| (a) | This Amendment No. 10 is filed by Andreessen Horowitz Fund IV, L.P., a Delaware limited partnership ("AH IV"), AH Parallel Fund IV, L.P., a Delaware limited partnership ("AH Parallel IV"), AH Parallel Fund V, L.P., a Delaware limited partnership ("AH Parallel V"), Andreessen Horowitz LSV Fund I, L.P., a Delaware limited partnership ("AH LSV I"), Andreessen Horowitz LSV Fund III, L.P., a Delaware limited partnership ("AH LSV III"), AH Equity Partners IV, L.L.C., a Delaware limited liability company ("AH Equity IV"), AH Equity Partners IV (Parallel), L.L.C., a Delaware limited liability company ("AH Equity Parallel IV"), AH Equity Partners V (Parallel), L.L.C., a Delaware limited liability company ("AH Equity Parallel V"), AH Equity Partners LSV I, L.L.C., a Delaware limited liability company ("AH Equity LSV I"), AH Equity Partners LSV III, L.L.C., a Delaware limited liability company ("AH Equity LSV III"), Marc Andreessen ("Andreessen") and Benjamin Horowitz ("Horowitz"). The foregoing entities and individuals are collectively referred to herein as the "Reporting Persons."

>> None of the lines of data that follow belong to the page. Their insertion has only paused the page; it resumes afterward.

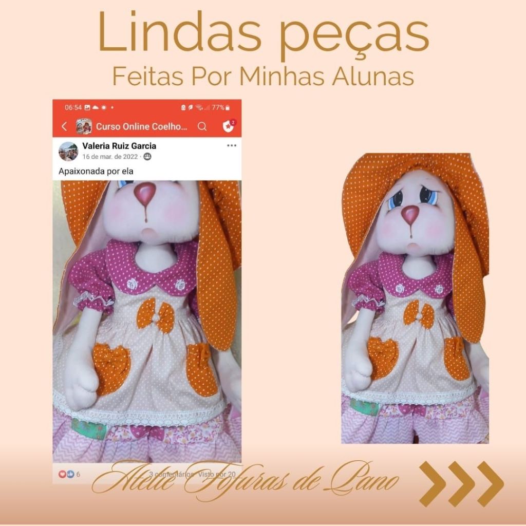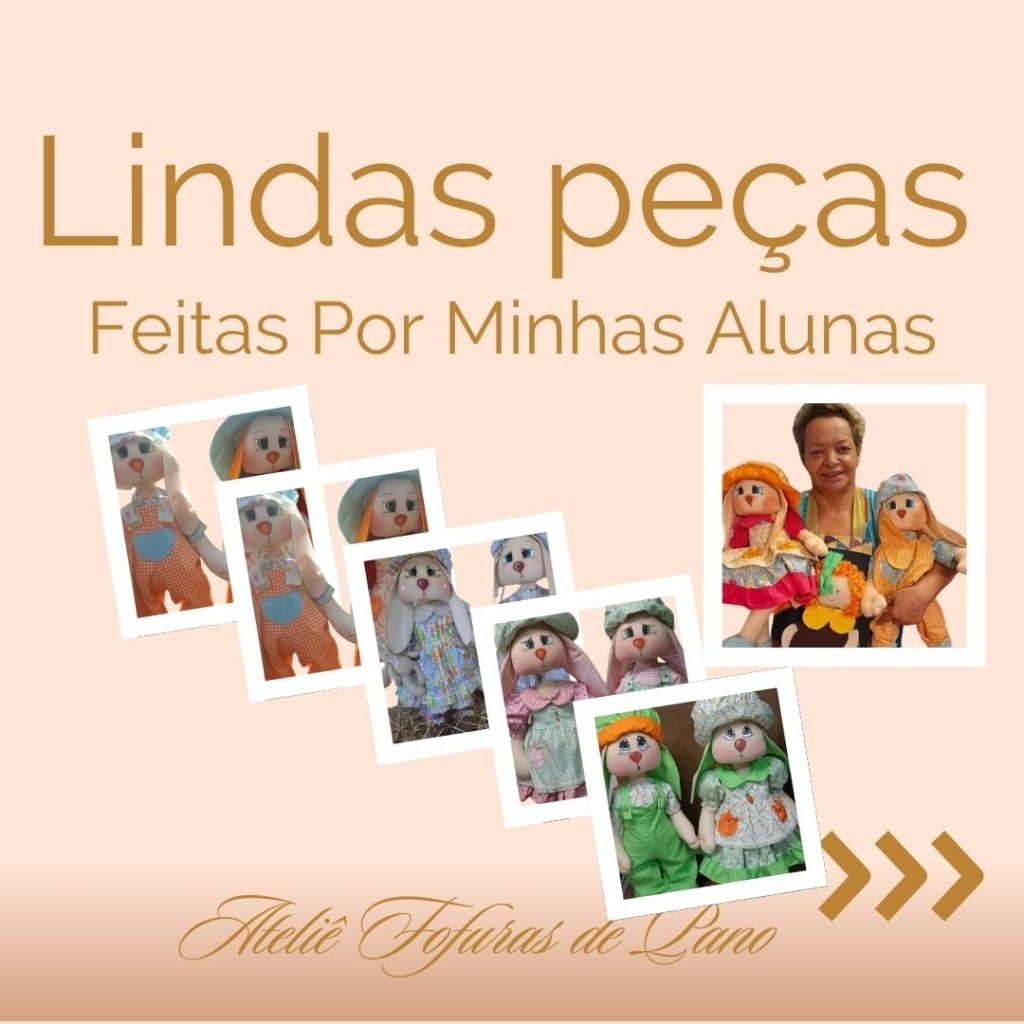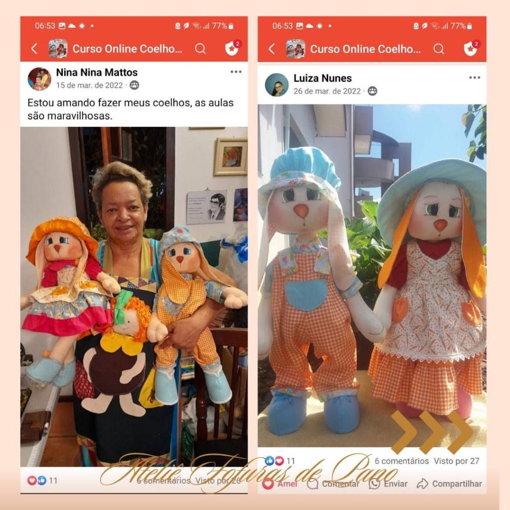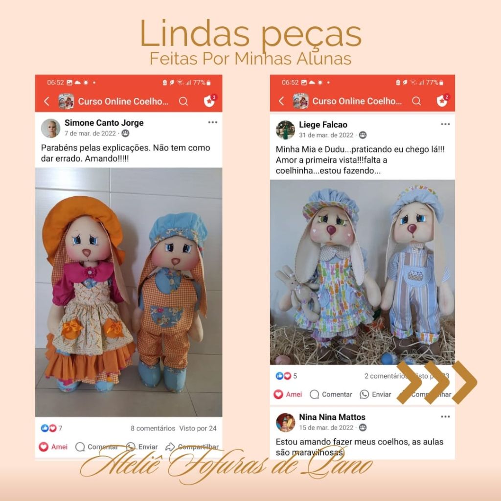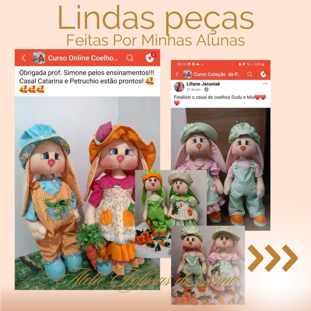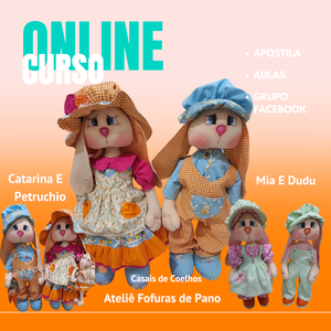 Com o nosso curso online e vitalício, você aprenderá a confeccionar dois casais de coelhos (um grande e um médio), com aulas passo a passo e moldes em PDF super detalhados.
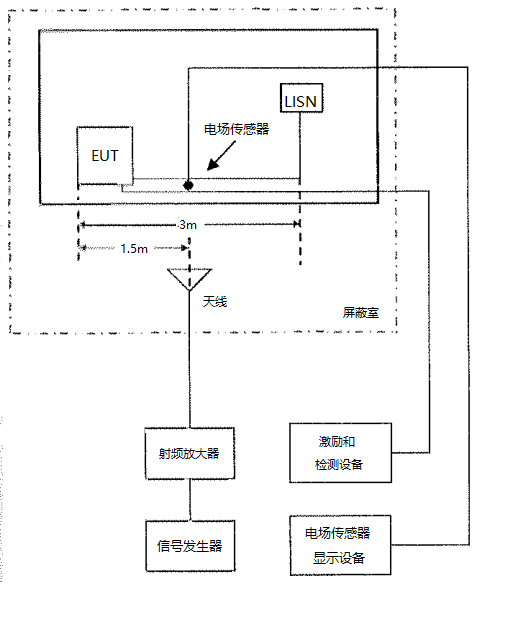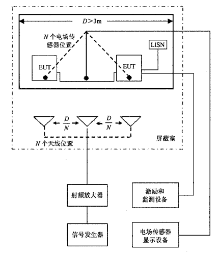 电场发生器是电磁兼容(EMC)测试中,为电场辐射抗扰度测试提供实验所需稳定电场环境的主要设备。辐射抗扰度(Radiate Susceptibility,简写RS),又称为辐射敏感度,是 EMS 测试的最基本项目之一,指各种装置、设备或系统,在存在辐射的环境下,抵抗辐射的一种能力;敏感度越高,抗干扰的能力越低。GJB 151B 和 MIL-STD-461 中,其中项目 RS103 是专门关于电场辐射敏感度的测试;而信号发生器、功率放大器和电场发 生器(也叫发射天线),则是该项测试中重要的三种设备。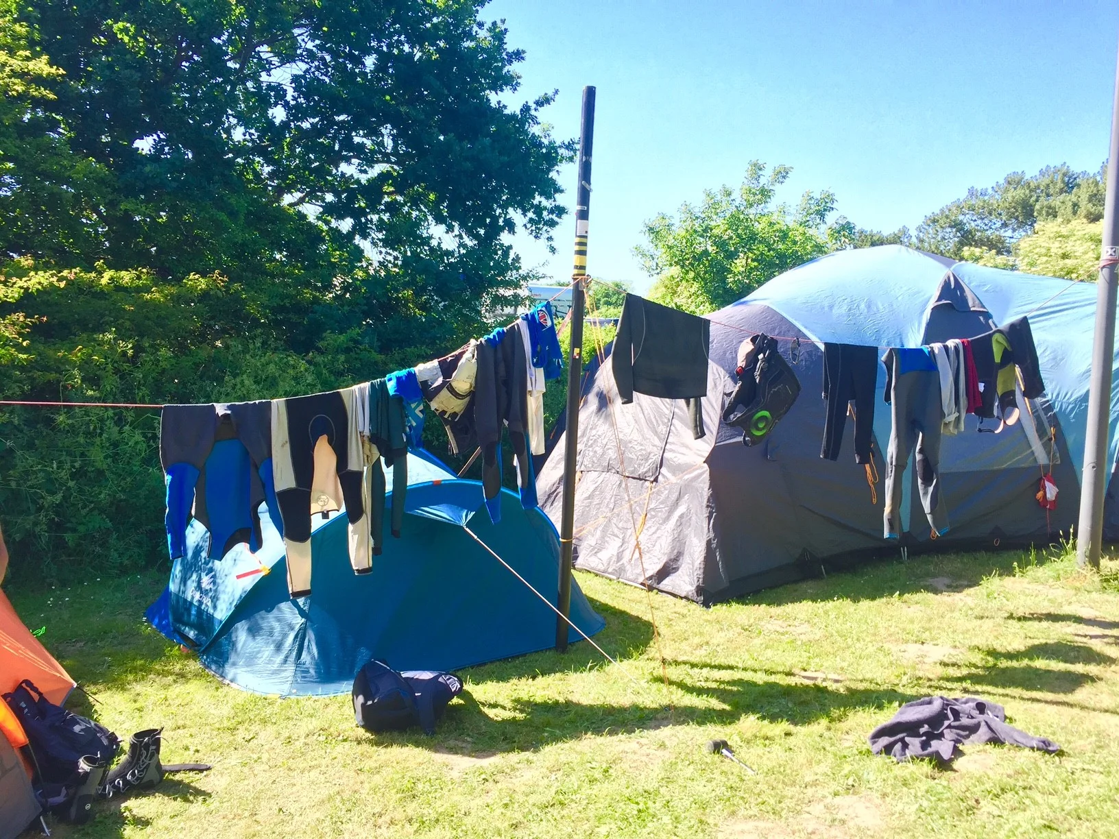 We had to think outside of the box for some things whilst camping. Here we set up a washing line to dry our sailing kit using an old mast and a mainsheet strung between a lamp post and car trailer. It worked surprisingly well!

AH Equity IV is the general partner of AH IV and may be deemed to have sole power to vote and sole power to dispose of shares of the Issuer held of record by AH IV for itself and as nominee for Andreessen Horowitz Fund IV-A, L.P. ("AH IV-A"), Andreessen Horowitz Fund IV-B, L.P. ("AH IV-B"), and Andreessen Horowitz Fund IV-Q, L.P. ("AH IV-Q"). Andreessen and Horowitz are managing members of AH Equity IV and may be deemed to have shared power to vote and shared power to dispose of shares of the Issuer held of record by AH IV for itself and as nominee.
AH Equity Parallel IV is the general partner of AH Parallel IV and may be deemed to have sole power to vote and sole power to dispose of shares of the Issuer held of record by AH Parallel IV for itself and as nominee for AH Parallel Fund IV-A, L.P. ("AH Parallel IV-A"), AH Parallel Fund IV-B, L.P. ("AH Parallel IV-B"), and AH Parallel Fund IV-Q, L.P. ("AH Parallel IV-Q"). Andreessen and Horowitz are managing members of AH Equity Parallel IV and may be deemed to have shared power to vote and shared power to dispose of shares of the Issuer held of record by AH Parallel IV for itself and as nominee.

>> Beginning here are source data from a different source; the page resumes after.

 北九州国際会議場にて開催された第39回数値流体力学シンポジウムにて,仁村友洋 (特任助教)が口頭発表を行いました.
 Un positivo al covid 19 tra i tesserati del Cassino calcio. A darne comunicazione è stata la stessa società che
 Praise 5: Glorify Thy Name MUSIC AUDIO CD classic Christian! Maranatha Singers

AH Equity Parallel V is the general partner of AH Parallel V and may be deemed to have sole power to vote and sole power to dispose of shares of the Issuer held of record by AH Parallel V for itself and as nominee for AH Parallel Fund V-A, L.P. ("AH Parallel V-A"), AH Parallel Fund V-B, L.P. ("AH Parallel V-B"), and AH Parallel Fund V-Q, L.P. ("AH Parallel V-Q"). Andreessen and Horowitz are managing members of AH Equity Parallel V and may be deemed to have shared power to vote and shared power to dispose of shares of the Issuer held of record by AH Parallel V for itself and as nominee.

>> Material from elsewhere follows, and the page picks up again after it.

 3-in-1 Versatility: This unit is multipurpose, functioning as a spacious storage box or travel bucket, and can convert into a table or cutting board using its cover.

AH Equity LSV I is the general partner of AH LSV I and may be deemed to have sole power to vote and sole power to dispose of shares of the Issuer held of record by AH LSV I for itself and as nominee for Andreessen Horowitz LSV Fund I-B, L.P. ("AH LSV I-B") and Andreessen Horowitz LSV Fund I-Q, L.P. ("AH LSV I-Q"). Andreessen and Horowitz are managing members of AH Equity LSV I and may be deemed to have shared power to vote and shared power to dispose of shares of the Issuer held of record by AH LSV I for itself and as nominee.
AH Equity LSV III is the general partner of AH LSV III and may be deemed to have sole power to vote and sole power to dispose of shares of the Issuer held of record by AH LSV III for itself and as nominee for Andreessen Horowitz LSV Fund III-B, L.P. ("AH LSV III-B") and AH 2022 Annual Fund, L.P. ("AH 2022 Annual"). Andreessen and Horowitz are managing members of AH Equity LSV III and may be deemed to have shared power to vote and shared power to dispose of shares of the Issuer held of record by AH LSV III for itself and as nominee.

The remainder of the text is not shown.